There will be a special userID created on our public server, which will own all the files of both the staging and final Websites. This owner will not be root. Only those officers of the company who have access to edit the Website contents will have their individual SSH keys installed in this user's home directory. The infra user on apps1 will not have its key installed here. All editing will be done by logging in as this user, not as root.

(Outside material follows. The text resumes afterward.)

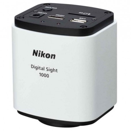 Nikon DS-1000 adalah kamera warna kompak yang dirancang untuk pencitraan definisi tinggi dalam aplikasi mikroskopi. Kamera ini dilengkapi dengan sensor CMOS 2 megapiksel dan mendukung pengambilan gambar diam dan video pada resolusi HD penuh. Kamera ini cocok digunakan di laboratorium, lingkungan pendidikan, dan tugas dokumentasi rutin. Kamera ini dapat dihubungkan langsung ke monitor melalui HDMI atau ke komputer melalui USB 2.0, memberikan opsi yang fleksibel untuk melihat gambar dan transfer data.

This user will be allowed to run the script which copies the staging server contents to the final server. This script is supposed to also restart the Apache Web server. Since this action requires supervisor privileges, a small C program will be compiled and installed by root in this user's ~/bin directory, to allow Apache restart. This binary executable will be setuid-root, and will be programmed to execute only one command, the Apache restart command. It will also be programmed to check that only the site-editing userID can run this program, not any other user.

General matters of process discipline

Do not keep .bac or other junk files lying around. Once you finish spell-checks, delete the .bac files. Once you finish experimentation, remove the tmp* and test* files.